All our efforts to build capacity and expertise, as well as recognise skill and achievement, would be impossible without the combined expertise of our Institute Core Team and wider Fellowship through our Learning Circles. The WIE Academic Director, Associate Academic Director and Naomi Kay as Engagement Officer with responsibility for building capacity and expertise programmes, work closely with a number of Learning Circles focused on staff training, student involvement in public engagement, the Pedagogy of public engagement, as well as Promotions and public engagement, to develop best practices standards for our training and to support both staff and students across the university. And not only just within the university. Two of our Learning Circles are actively involved in the EUTOPIA network and Warwick is swiftly emerging as a leader in public and community engagement, collaboration, and co-production (better known on the continent as ‘citizen science’), delivering training sessions to the entire EUTOPIA (and UNICA) European university networks on these topics.

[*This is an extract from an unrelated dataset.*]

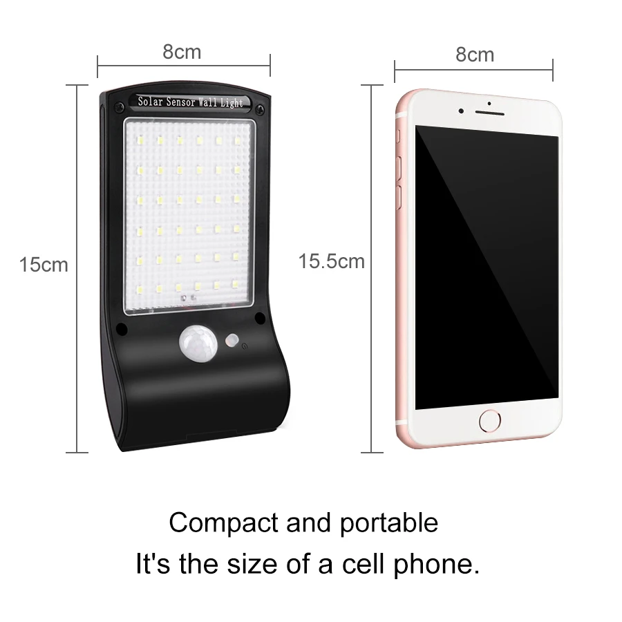 Ультра яркие 36 светодиодный ных солнечных ламп:Этот безопасный светильник намного ярче, чем другие аналогичные светильник пы, потому что он оснащен улучшенной мощностью 36 светодиодный ных лампочек. Благодаря профессиональному качеству он обладает сильным световым излучением даже после 12-месячного использования и обеспечивает безопасность вашего имущества на всю ночь.

This is a crucial part of the way in which the Institute – as a pan-university hub – not only enables the achievement of the university’s 2030 Strategic goals and the delivery of real value to our international networks, but also delivers for the university’s Knowledge Exchange-Concordat action plan; how we continue to ensure in the long term that we retain our strong top 10% position in the Government’s Knowledge Exchange Framework; as well as how we grow our pool of researchers comfortable with public engagement as part of our future REF Impact case-study pipeline. And in terms of our students, it is an important part of how we ensure we continue to prepare students with the skills they will need for careers in the 21st century.